> **Records from a collection**

= = = = =

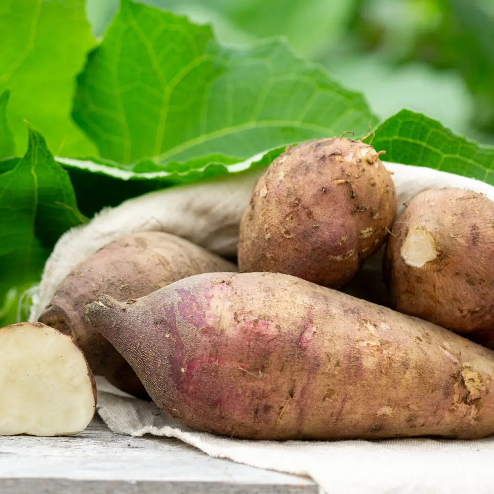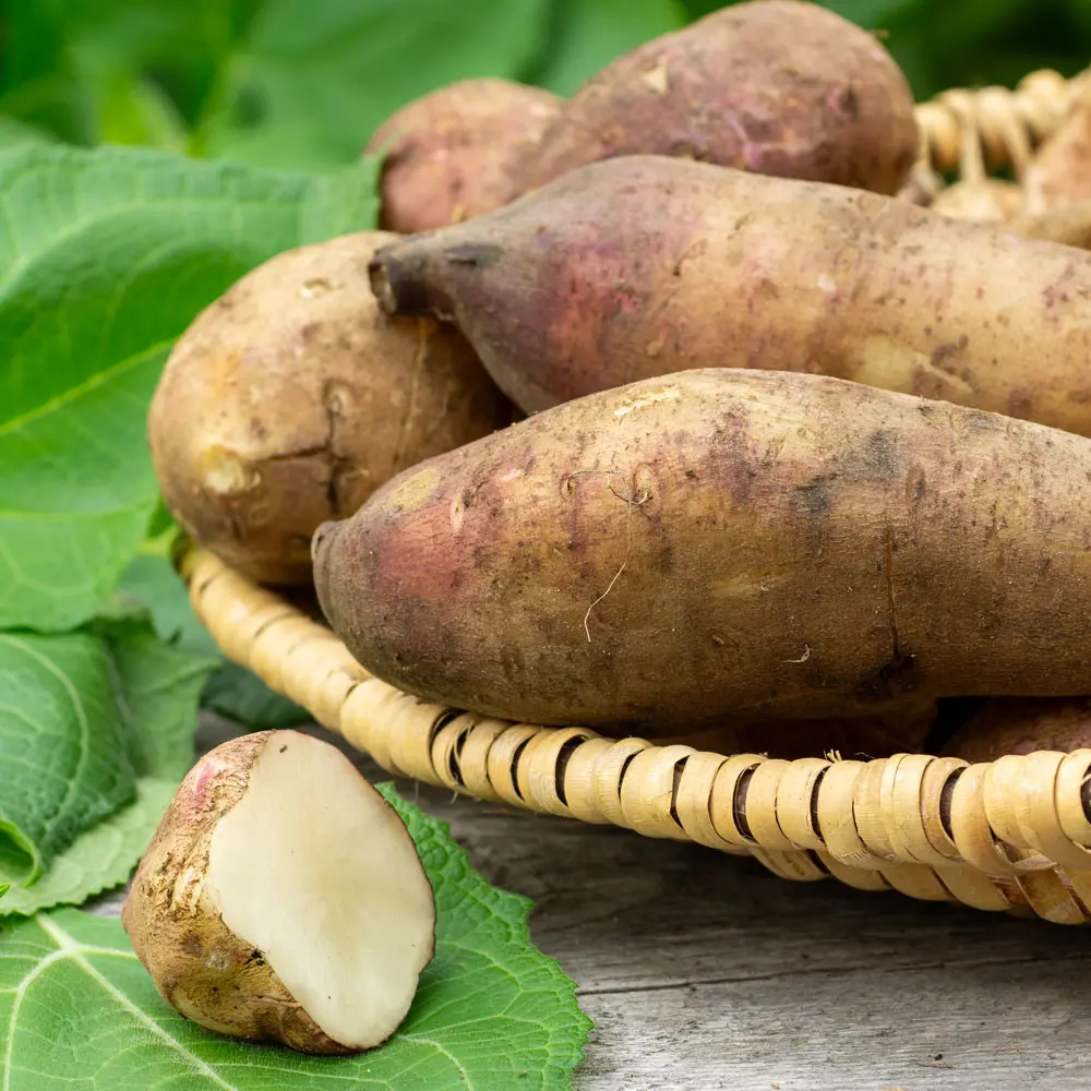 Die Pflanze produziert im Laufe des Sommers etwa 20 längliche Knollen von der Größe einer Süßkartoffel.
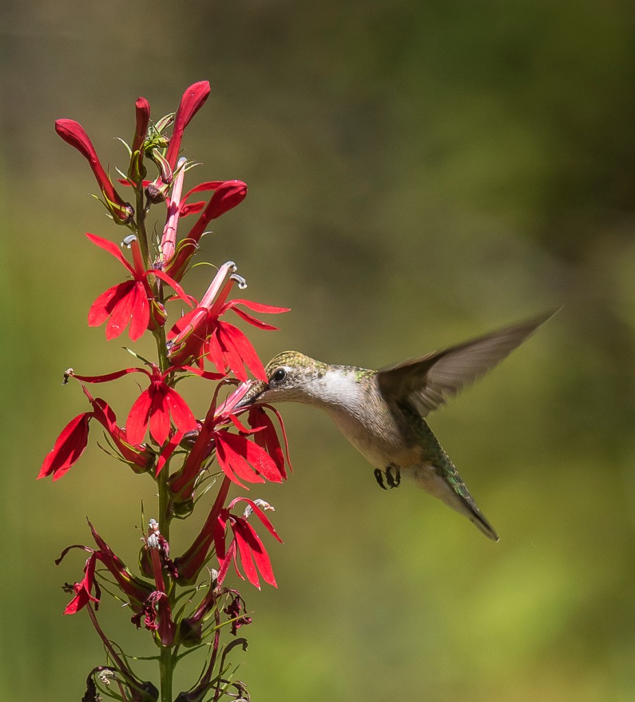 Here in our home in the woods, I can look out our windows and see all sorts of interconnections – butterflies on Ironweed and Joe-Pye-Weed, American Goldfinches eating coneflower seeds, and birds searching for insects in the trees. There is another connection that seems to be one of the purest- like two puzzle pieces that fit perfectly together. That is the link between one of my favorite native wildflowers and one of my favorite summer birds – Cardinal Flowers and Ruby-throated Hummingbirds. If you look at their range maps, they overlap to a great degree, owing, no doubt, to the dependence of the flower on the pollination compatibility of these hummingbirds.
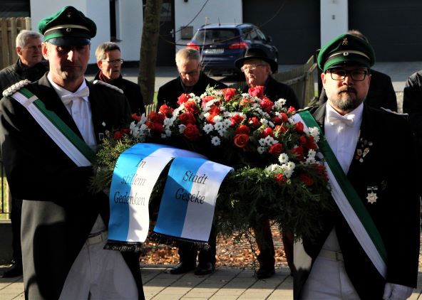 In diesem Jahr fand die zentrale Gedenkfeier der Stadt Geseke anlässlich des Volkstrauertages in Ehringhausen statt. In seiner Predigt während des einleitenden Gottesdienstes mahnte Pfarrer Rainer Stahlhacke die Anwesenden, neben den Toten der Kriege und den Ermordeten während der NS-Diktatur, auch die mehr als 3.200 Menschen nicht zu vergessen, die als Angehörige der Bundeswehr seit 1955 ihr Leben für Frieden und Freiheit verloren haben.
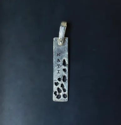 Diseño Colgante péndulo fabricado en plata 950 con acabado envejecido y piedras naturales como cuarzo, ojo de tigre y labradorita, hecho a mano y en Chile. Medida: 5x1x1cm Poderes curativos Cuarzo transparente: Claridad mental y equilibrio energético. Ojo de tigre: Fuerza interior y protección frente a energías negativas. Labradorita: Intuición aguda y escudo contra el desgaste emocional. Lapislázuli : Sabiduría profunda y comunicación auténtica. Ágata verde : Armonía emocional y renovación de energías. Ónix verde : Valentía y determinación para enfrentar desafíos. Amatista : Calma espiritual y protección frente al estrés. Amazonita : Confianza personal y equilibrio en la toma de decisiones. Experiencia Malevo Cuando eliges Malevo Joyas, te unes a una comunidad exclusiva donde la calidad y el diseño se combinan con un servicio premium. Empaque completo: Elegante bolsa de cuero PU Garantía Empaque de primera calidad. Si quieres ver más detalles de nuestro EMPAQUE entra en el siguiente link . Medida Verifica tu medida en el siguiente link. Grabado láser Puedes agregar el servicio de grabado láser en los productos que tengan esta opción. Una vez realizada tu compra te contactaremos vía WhatsApp para coordinar letra, tamaño, ubicación, etc. Tiempo: El grabado láser demora 1 día más. Texto a grabar. Te contactaremos para definir detalles. Información sobre el pago y envío Ofrecemos diferentes opciones de pago. Elige el que prefieras al finalizar la compra. Ver más información. Revisa los tiempos de envío en el siguiente link
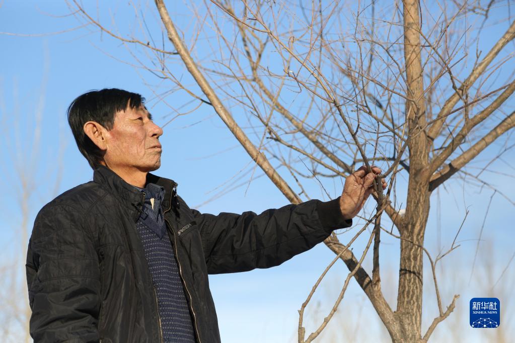 董福财在北甸子村查看树木过冬情况(2014年12月11日摄)。新华社发
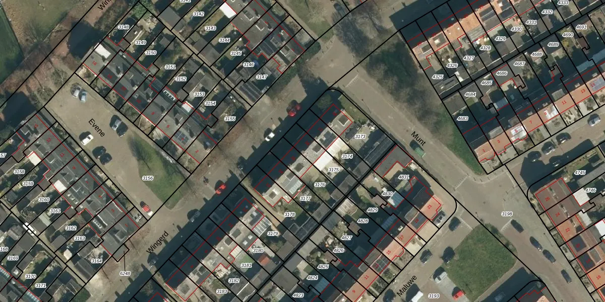 Het perceel waarop Wingerd 16 staat heeft een oppervlakte van 184 m². Dit is een middelgroot perceel. De perceeloppervlakte wordt geregistreerd door het Kadaster. Gedetailleerde informatie over de maten van dit perceel kunt u vinden in het rapport Kadastrale kaart met maatvoering van Wingerd 16.
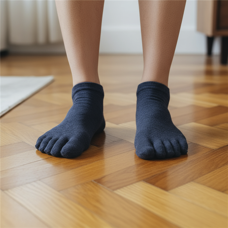 Mai più piedi freddi sui pavimenti gelidi ogni mattina. Ogni dito trova comfort e spazio, prevenendo la sensazione di costrizione tutto il giorno. I calzini Ortorex migliorano la stabilità durante lo yoga, l’allenamento o semplicemente mentre ti rilassi in casa.
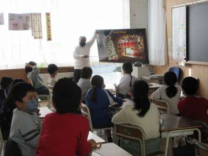 外国語活動の時間、ALTのダニエル先生にアメリカのクリスマスについて教えてもらいました。
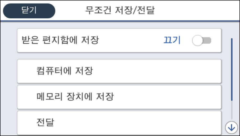 수신한 팩스에 대한 무조건 전달 설정은 여기까지 입니다. 필요에 따라 일반 설정을 지정할 수 있습니다. 자세한 내용을 보려면 저장/전달 설정 메뉴에서 일반 설정에 대한 설명을 참조하십시오.
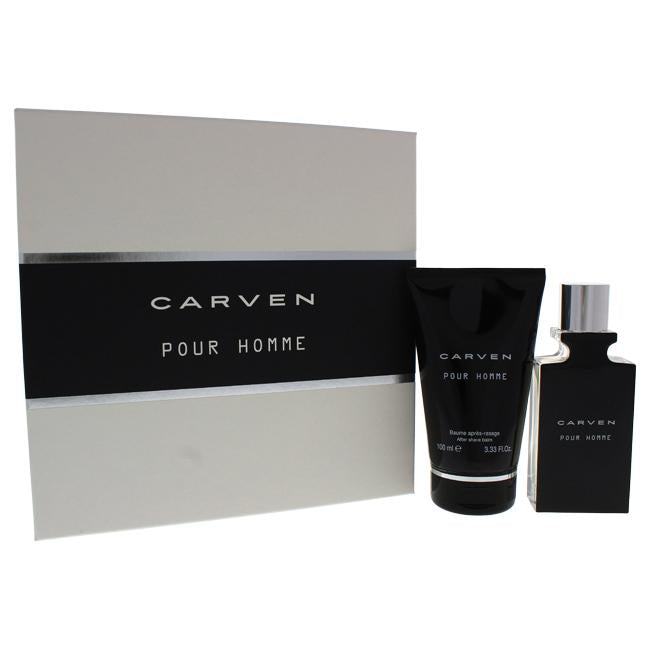 Skip to main contentLaunched by the design house of Carven. This woody spicy fragrance has a blend of violet leaves, grapefruit, nutmeg, sage, cedar, vetiver, and milky sandalwood. Carven Pour Homme by Carven for Men - 2 Pc Gift Set 1.66oz EDT Spray, 3.33oz After Shave Balm
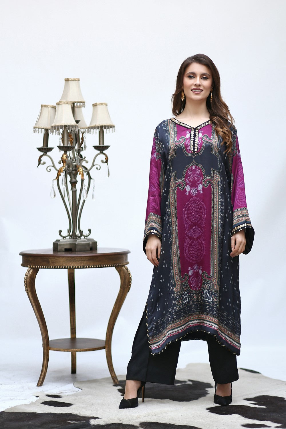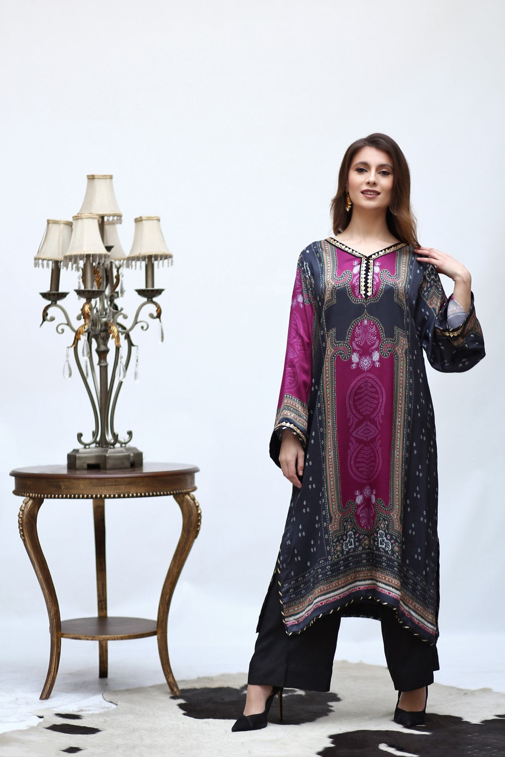 | Fabric: Digital Printed Chunri Silk Pieces: 1 pieces; Shirt Embelish With Beautiful Sequence Lace Note: The colours of the product may slightly vary due to different background lighting. |
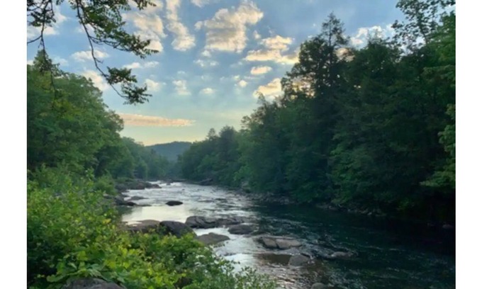 We have a very small yard on the side of the cabin, it is not suitable for "playing" however, there is a community park that is a 2 minute walk from the cabin. The community park has new swings, a slide, and a grass space for children to play. Right across the street from the park is where you have direct access to Middle Fork River. This is where the cover photo was taken. There are stairs that will take you down to the river bank to swim, float, kayak, or fish. The river feeds directly into Audra State Park and is a perfect "pick up" spot if you choose to tube down the river.
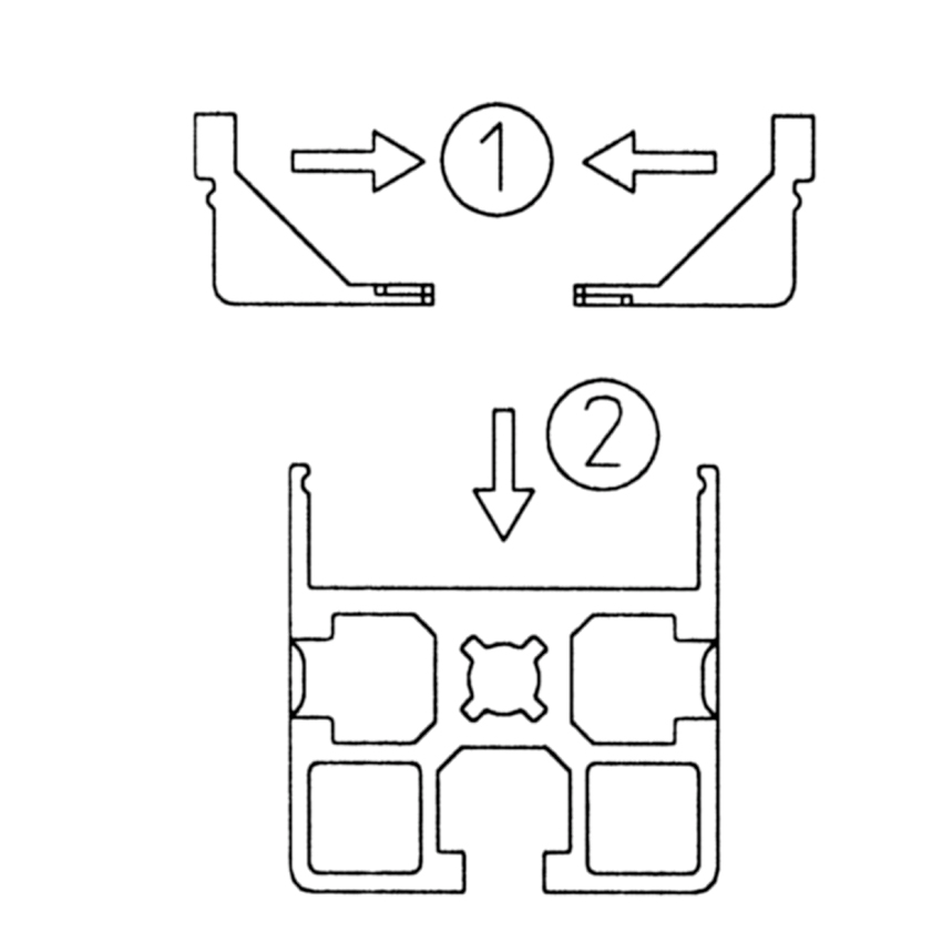 Za daljše trakove valjev ali večje obremenitve priporočamo: - vstavitev vzdolžnih ali prečnih konstrukcijskih profilov spodaj za podporo - vstavitev traku valjev v profil 45 FRS, ident št.201152/0 s tem je mogoče tudi pokriti prostore med valji; dosežena je višina sistema (SH) 54 mm
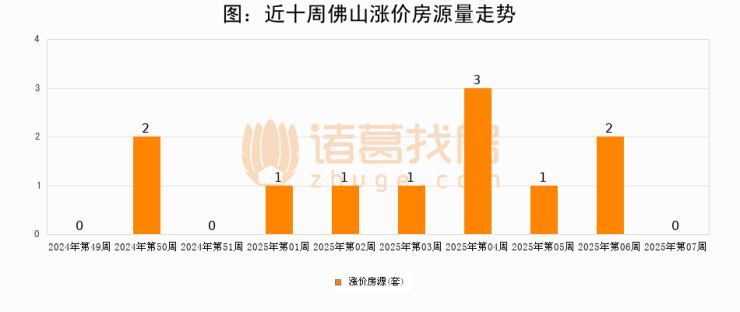 从调价房源来看,第7周佛山涨价房源0套,较上周下降100%。与此同时,7周涨价房源占比回落13.33个百分点,业主信心小幅波动,购房者可则需入市。
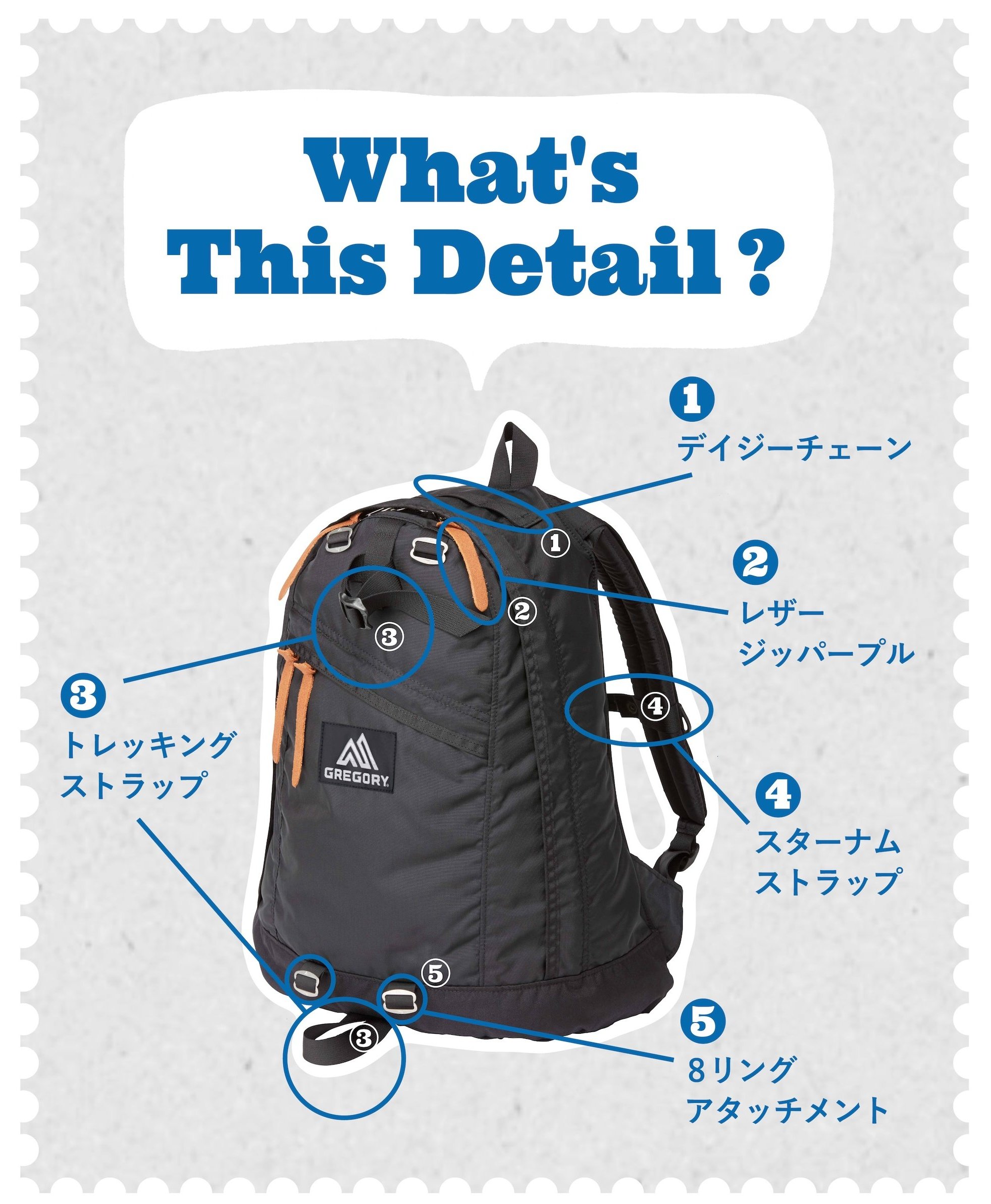 バックパックには、見た目以上に意味のあるパーツがたくさん。アウトドア由来の機能を知ることで、街使いでもぐっと便利になるはずです。今回はグレゴリーの名品「デイパック」を例にパーツの名前と意味をご紹介。

= = = = =

Above are records with pictures; repeat the records exactly and leave the pictures out.

> **Answer section**
 Die Pflanze produziert im Laufe des Sommers etwa 20 längliche Knollen von der Größe einer Süßkartoffel.
 Here in our home in the woods, I can look out our windows and see all sorts of interconnections – butterflies on Ironweed and Joe-Pye-Weed, American Goldfinches eating coneflower seeds, and birds searching for insects in the trees. There is another connection that seems to be one of the purest- like two puzzle pieces that fit perfectly together. That is the link between one of my favorite native wildflowers and one of my favorite summer birds – Cardinal Flowers and Ruby-throated Hummingbirds. If you look at their range maps, they overlap to a great degree, owing, no doubt, to the dependence of the flower on the pollination compatibility of these hummingbirds.
 In diesem Jahr fand die zentrale Gedenkfeier der Stadt Geseke anlässlich des Volkstrauertages in Ehringhausen statt. In seiner Predigt während des einleitenden Gottesdienstes mahnte Pfarrer Rainer Stahlhacke die Anwesenden, neben den Toten der Kriege und den Ermordeten während der NS-Diktatur, auch die mehr als 3.200 Menschen nicht zu vergessen, die als Angehörige der Bundeswehr seit 1955 ihr Leben für Frieden und Freiheit verloren haben.
 Diseño Colgante péndulo fabricado en plata 950 con acabado envejecido y piedras naturales como cuarzo, ojo de tigre y labradorita, hecho a mano y en Chile. Medida: 5x1x1cm Poderes curativos Cuarzo transparente: Claridad mental y equilibrio energético. Ojo de tigre: Fuerza interior y protección frente a energías negativas. Labradorita: Intuición aguda y escudo contra el desgaste emocional. Lapislázuli : Sabiduría profunda y comunicación auténtica. Ágata verde : Armonía emocional y renovación de energías. Ónix verde : Valentía y determinación para enfrentar desafíos. Amatista : Calma espiritual y protección frente al estrés. Amazonita : Confianza personal y equilibrio en la toma de decisiones. Experiencia Malevo Cuando eliges Malevo Joyas, te unes a una comunidad exclusiva donde la calidad y el diseño se combinan con un servicio premium. Empaque completo: Elegante bolsa de cuero PU Garantía Empaque de primera calidad. Si quieres ver más detalles de nuestro EMPAQUE entra en el siguiente link . Medida Verifica tu medida en el siguiente link. Grabado láser Puedes agregar el servicio de grabado láser en los productos que tengan esta opción. Una vez realizada tu compra te contactaremos vía WhatsApp para coordinar letra, tamaño, ubicación, etc. Tiempo: El grabado láser demora 1 día más. Texto a grabar. Te contactaremos para definir detalles. Información sobre el pago y envío Ofrecemos diferentes opciones de pago. Elige el que prefieras al finalizar la compra. Ver más información. Revisa los tiempos de envío en el siguiente link
 董福财在北甸子村查看树木过冬情况(2014年12月11日摄)。新华社发
 Het perceel waarop Wingerd 16 staat heeft een oppervlakte van 184 m². Dit is een middelgroot perceel. De perceeloppervlakte wordt geregistreerd door het Kadaster. Gedetailleerde informatie over de maten van dit perceel kunt u vinden in het rapport Kadastrale kaart met maatvoering van Wingerd 16.
 Mai più piedi freddi sui pavimenti gelidi ogni mattina. Ogni dito trova comfort e spazio, prevenendo la sensazione di costrizione tutto il giorno. I calzini Ortorex migliorano la stabilità durante lo yoga, l’allenamento o semplicemente mentre ti rilassi in casa.
 外国語活動の時間、ALTのダニエル先生にアメリカのクリスマスについて教えてもらいました。
 수신한 팩스에 대한 무조건 전달 설정은 여기까지 입니다. 필요에 따라 일반 설정을 지정할 수 있습니다. 자세한 내용을 보려면 저장/전달 설정 메뉴에서 일반 설정에 대한 설명을 참조하십시오.
 Skip to main contentLaunched by the design house of Carven. This woody spicy fragrance has a blend of violet leaves, grapefruit, nutmeg, sage, cedar, vetiver, and milky sandalwood. Carven Pour Homme by Carven for Men - 2 Pc Gift Set 1.66oz EDT Spray, 3.33oz After Shave Balm
 | Fabric: Digital Printed Chunri Silk Pieces: 1 pieces; Shirt Embelish With Beautiful Sequence Lace Note: The colours of the product may slightly vary due to different background lighting. |
 We have a very small yard on the side of the cabin, it is not suitable for "playing" however, there is a community park that is a 2 minute walk from the cabin. The community park has new swings, a slide, and a grass space for children to play. Right across the street from the park is where you have direct access to Middle Fork River. This is where the cover photo was taken. There are stairs that will take you down to the river bank to swim, float, kayak, or fish. The river feeds directly into Audra State Park and is a perfect "pick up" spot if you choose to tube down the river.
 Za daljše trakove valjev ali večje obremenitve priporočamo: - vstavitev vzdolžnih ali prečnih konstrukcijskih profilov spodaj za podporo - vstavitev traku valjev v profil 45 FRS, ident št.201152/0 s tem je mogoče tudi pokriti prostore med valji; dosežena je višina sistema (SH) 54 mm
 从调价房源来看,第7周佛山涨价房源0套,较上周下降100%。与此同时,7周涨价房源占比回落13.33个百分点,业主信心小幅波动,购房者可则需入市。
 バックパックには、見た目以上に意味のあるパーツがたくさん。アウトドア由来の機能を知ることで、街使いでもぐっと便利になるはずです。今回はグレゴリーの名品「デイパック」を例にパーツの名前と意味をご紹介。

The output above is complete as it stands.